▸ **EXCERPTED RECORDS**:
=====
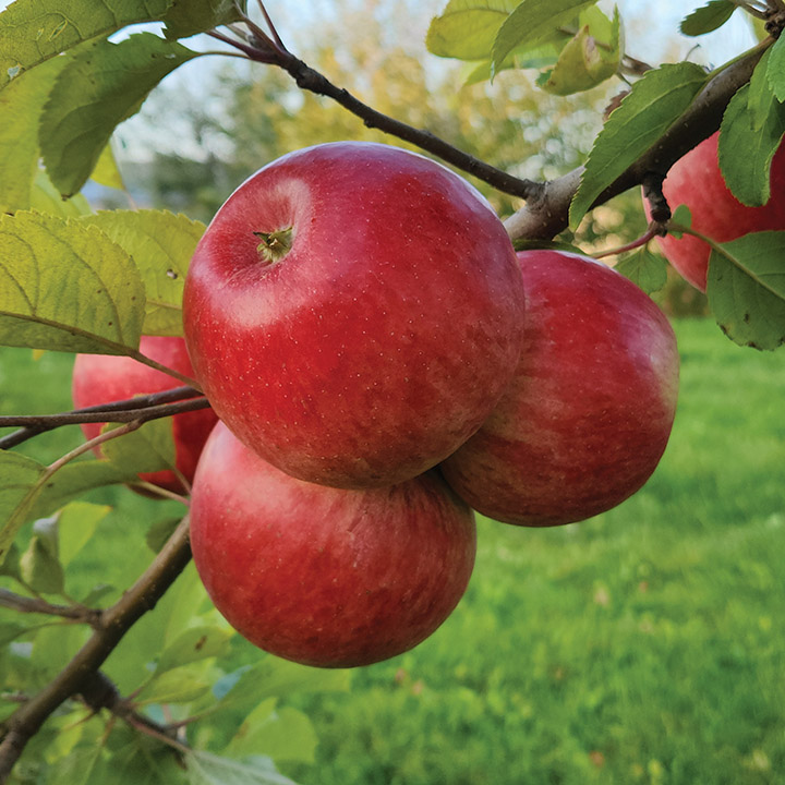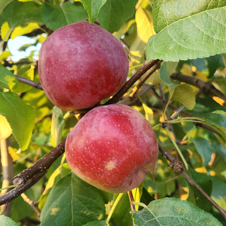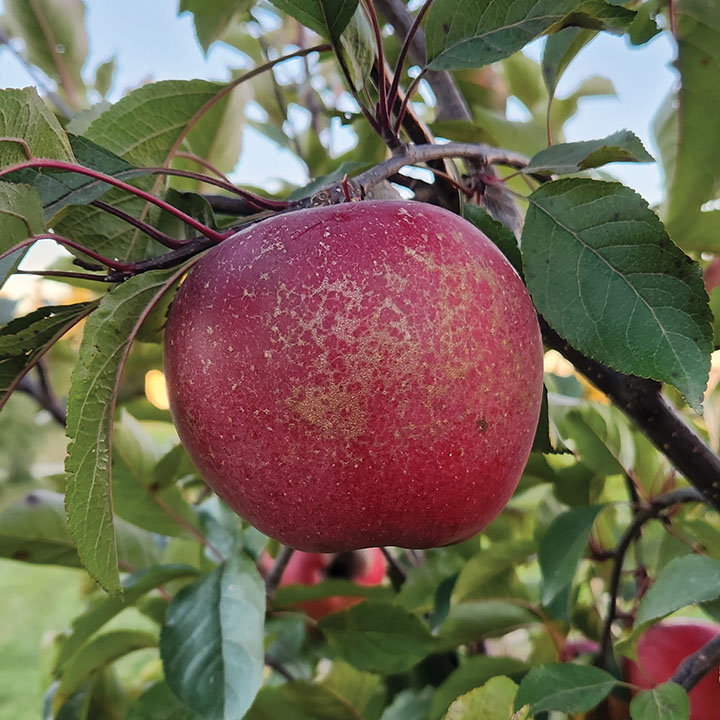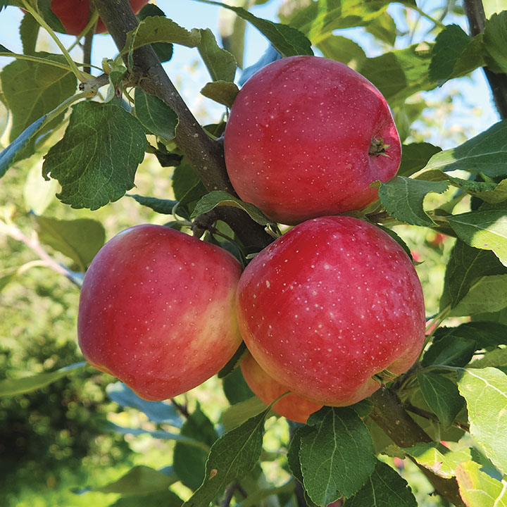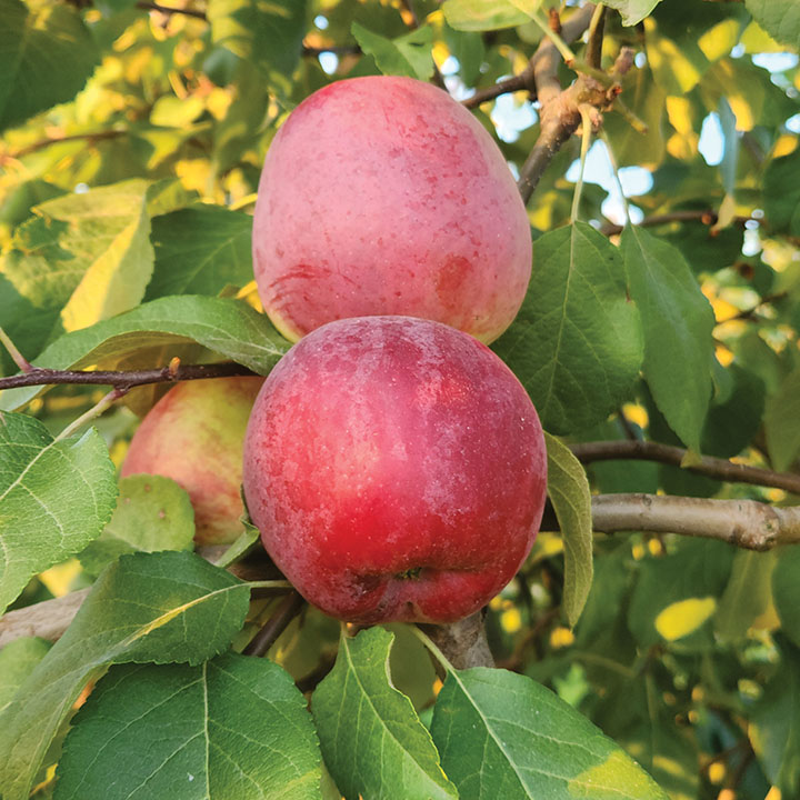 The original Fuji was developed in Fujisaki, Japan and quickly gained a following all over the world. As the author Rowan Jacobsen says, 'It's off-the-charts sweetness, concentrated Asian tropical fruit flavours, and showers of juice were like nothing that had been seen before.' Orchardists everywhere wanted to grow it, and although its' hardiness allows it to go north, you need a really long summer to ripen it. Daybreak™ is a natural mutation discovered in Orrtana, PA, that maintains the sweet flavour and famous Fuji crunch, but ripens 4-5 weeks earlier. Like the original Fuji, Daybreak™ can be stored all winter.
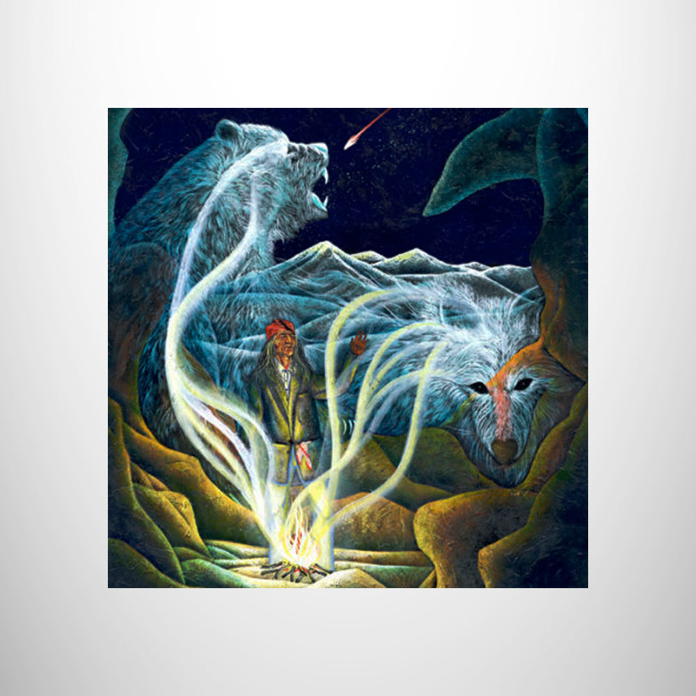 "Cherokee" print by Cherokee National Treasure Bill Rabbit on tile. Tile comes with a kickstand backing for easy shelf or desk decorating.
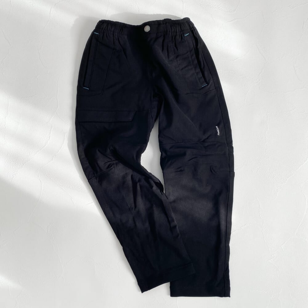 一緒に購入したエアロストレッチウォームクライミングパンツキッズもストレッチがよく効いていて履きやすそう!こちらも撥水やUVカット、ストレッチ、保温…などなど多機能でした。
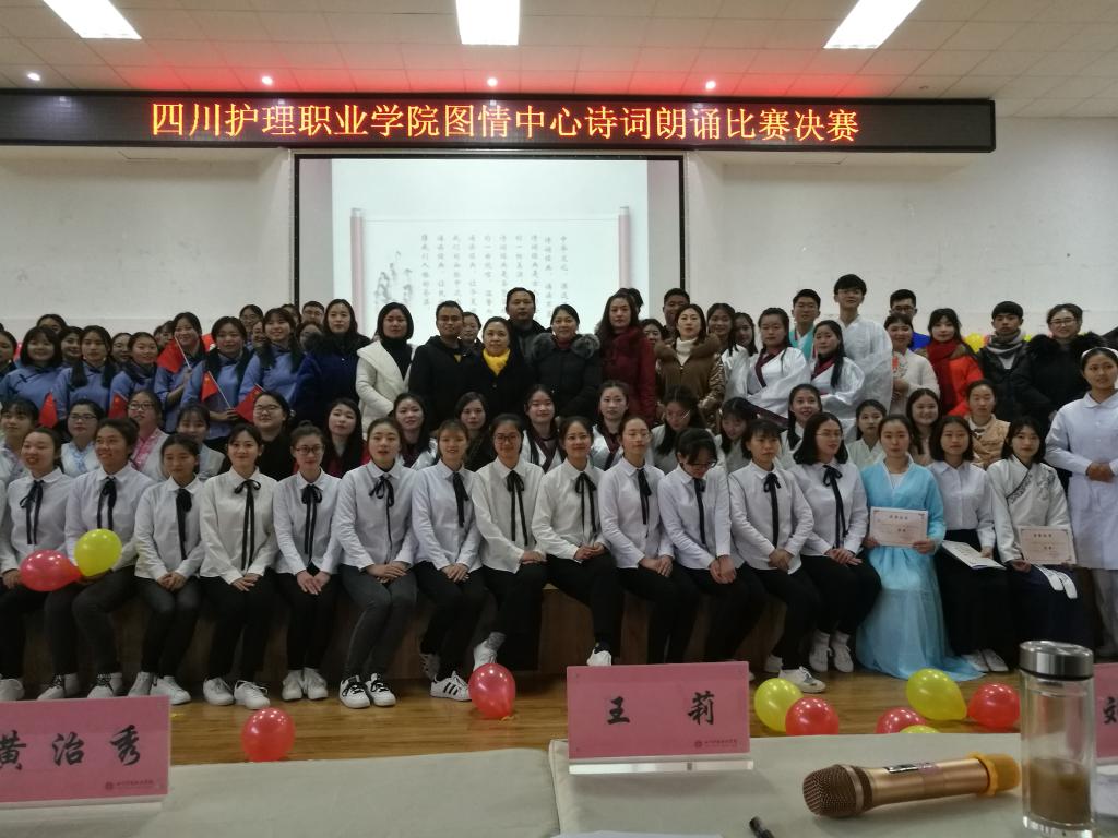 为营造浓厚的校园文化氛围,弘扬中国传统文化,引导同学们争做“五爱五尽”川护学子,我院“经典诗词”朗诵比赛决赛于2018年12月27日下午在德阳校区学术报告厅举行。
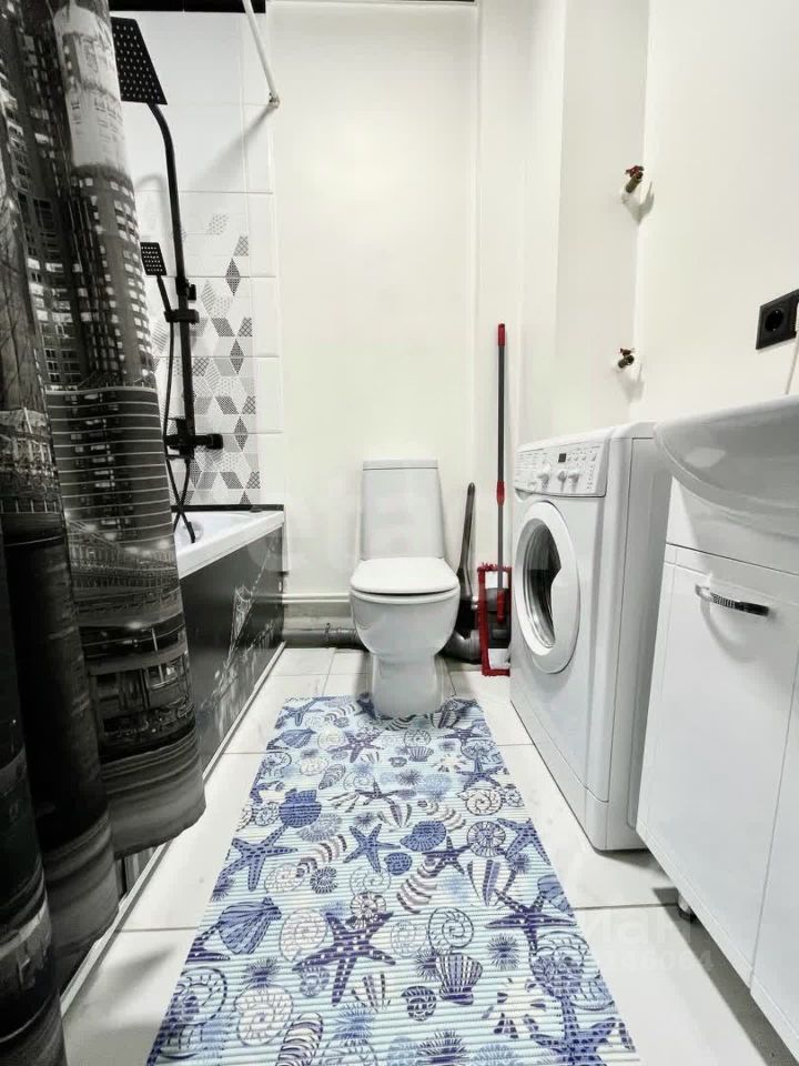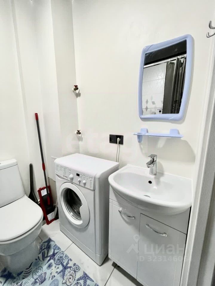 Санузел совмещен: унитаз, ванная с с тропическим душем, стиральная машина, зеркало, умывальник.
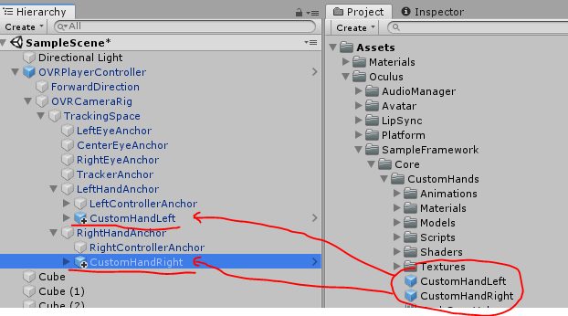 CustomHandLeft : 손위치를 표시해주는 프리팹(손모양), OVRCustomHandPrefab이랑 헷갈리지 않게 주의
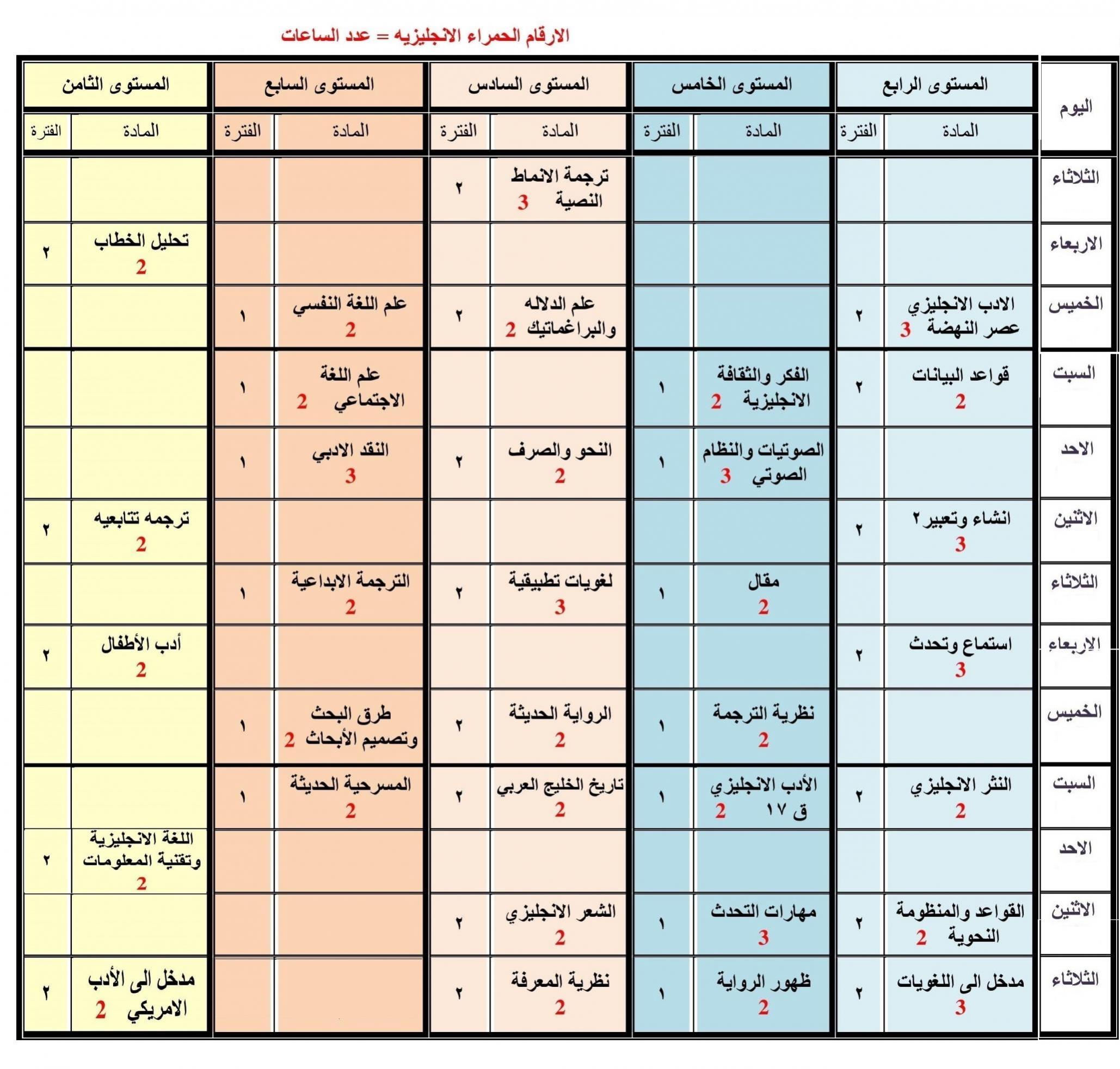مافهمت جدولك اول شي ابي اعرفه انتي خلصتي قضايا ثقافية معاصرة ؟؟؟ والحضارة الاسلامية ؟؟؟ خلصتي هذول المادتين ؟؟؟ وانتي ماخذتي معنا مدخل اللغويات صح ؟؟ عشان يبان معي جدولك صح للمستويات المتقدمه مشان ماتصير لخبطة وضغط مواد ... |
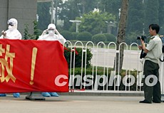 解放軍小湯山醫院將在20日送走最后一批SARS康復患者后結束光榮使命,18日軍方攝影師在隔離區認真記錄該醫院的最后時刻。中新社記者:任晨鳴
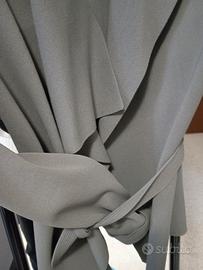 Giacchino di cotone grigio con laccetti per chiudere e un collo molto ampio elegante ma anche per tutti i giorni
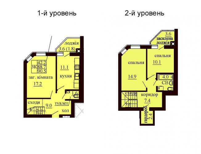 ДВОРІВНЕВА КВАРТИРА 90.50 М/КВ
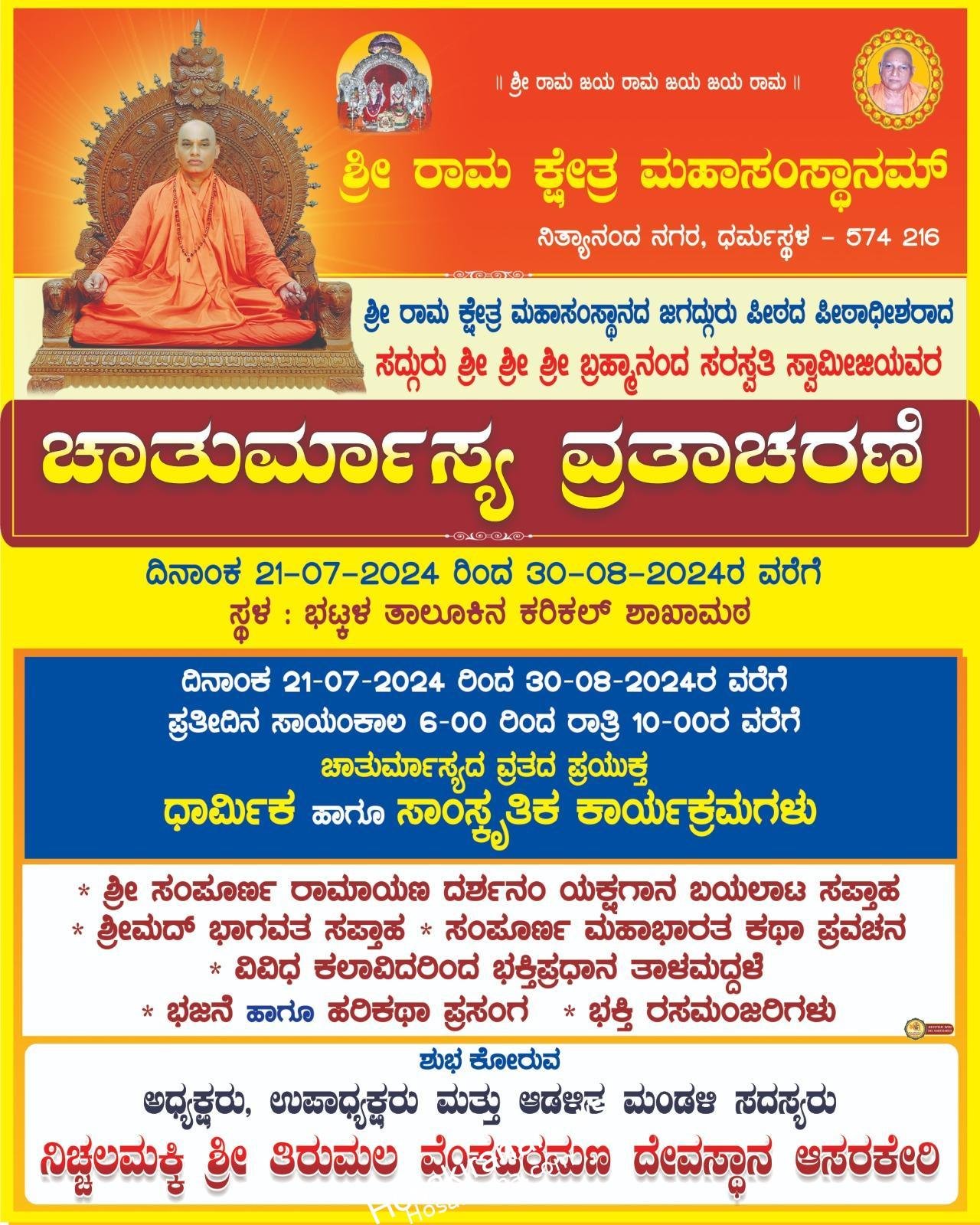 ಕನ್ಯಾಡಿ  ಶ್ರೀ ರಾಮಕ್ಷೇತ್ರ ಮಹಾಸಂಸ್ಥಾನದ ಜಗದ್ಗುರುಗಳಾದ ಶ್ರೀ ಶ್ರೀ ಶ್ರೀ ಬ್ರಹ್ಮಾನಂದ  ಸರಸ್ವತಿ ಸ್ವಾಮೀಜಿಯವರ ಚಾತುರ್ಮಾಸ ವೃತಾಚರಣೆ ಭಟ್ಕಳ ತಾಲೂಕಿನ  ಕರಿಕಲ್ ನಲ್ಲಿರುವ ಶಾಖಾಮಠದಲ್ಲಿ ಜುಲೈ 21 ರವಿವಾರದಿಂದ ಆರಂಭ
=====
▸ **PROBLEM DESCRIPTION**:
Only lines belong in the copy: transcribe those from the start of the data through the line that contains "Санузел совмещен: унитаз, ванная", and skip the pictures.

▸ **EXPECTED OUTPUT**:
 The original Fuji was developed in Fujisaki, Japan and quickly gained a following all over the world. As the author Rowan Jacobsen says, 'It's off-the-charts sweetness, concentrated Asian tropical fruit flavours, and showers of juice were like nothing that had been seen before.' Orchardists everywhere wanted to grow it, and although its' hardiness allows it to go north, you need a really long summer to ripen it. Daybreak™ is a natural mutation discovered in Orrtana, PA, that maintains the sweet flavour and famous Fuji crunch, but ripens 4-5 weeks earlier. Like the original Fuji, Daybreak™ can be stored all winter.
 "Cherokee" print by Cherokee National Treasure Bill Rabbit on tile. Tile comes with a kickstand backing for easy shelf or desk decorating.
 一緒に購入したエアロストレッチウォームクライミングパンツキッズもストレッチがよく効いていて履きやすそう!こちらも撥水やUVカット、ストレッチ、保温…などなど多機能でした。
 为营造浓厚的校园文化氛围,弘扬中国传统文化,引导同学们争做“五爱五尽”川护学子,我院“经典诗词”朗诵比赛决赛于2018年12月27日下午在德阳校区学术报告厅举行。
 Санузел совмещен: унитаз, ванная с с тропическим душем, стиральная машина, зеркало, умывальник.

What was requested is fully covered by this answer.